EXTRACTED RECORDS:
━━━━━━━━

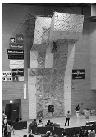
22年3月にスポーツセンターで開催された「全日本ユースクライング選手権大会」の様子
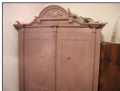
Gornji dio sefa iz župnog ureda u Kaštel Štafiliću

U župnom uredu u Kaštel Štafiliću nalazi se dvovratni sef proizvođača S. Bergera .
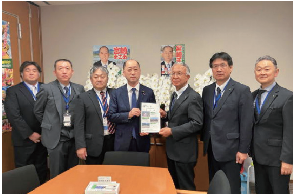
宮崎雅夫参議院議員
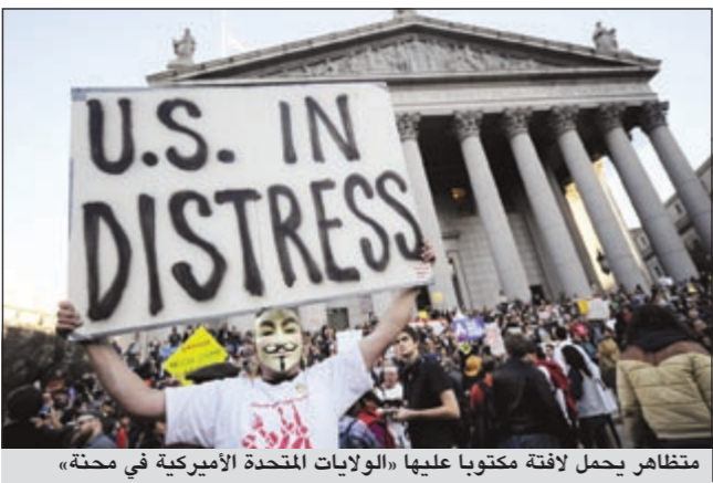
متظاهر يحمل لافتة مكتوباً عليها «الولايات المتحدة الأميركية في محنة»

يسمون ذلك أعمالاً، وعندما يدافع الفقراء عن أنفسهم، يسمون ذلك عنفاً، و«فلننقض على جشع وول ستريت قبل ان تقضي على العالم». وسار الموكب الذي ضم العديد من الشبان والمرضات، بفرح تحت أشعة شمس حارقة على وقع الطبول. ولقي هؤلاء المتظاهرون دعم منظمات نقابية عدة ومجموعات محلية ونواب ديمقراطيين. وتدد بعض المتظاهرين بـ «جشع وول ستريت»، في حين ندد آخرون بالاحتباس الحراري وآخرون بأعمال العنف التي تقوم بها الشرطة. وتستخدمت الحركة إلى شبكات اجتماعية على الإنترنت لنشر رسالتها. وتقدم الحركة نفسها على أنها «حركة مقاومة من دون قيادة» وانها غير عنفية. وأوضح موقعها الإلكتروني «نحن الـ 99٪ الذين لن يتسألوا طويلاً حيال جشع وفساد الـ 1٪ (الأخريين)».

━━━━━━━━

ACTIVITY: Report each line of the data that includes the string "Kaštel".

ANSWER SECTION:
Gornji dio sefa iz župnog ureda u Kaštel Štafiliću
U župnom uredu u Kaštel Štafiliću nalazi se dvovratni sef proizvođača S. Bergera .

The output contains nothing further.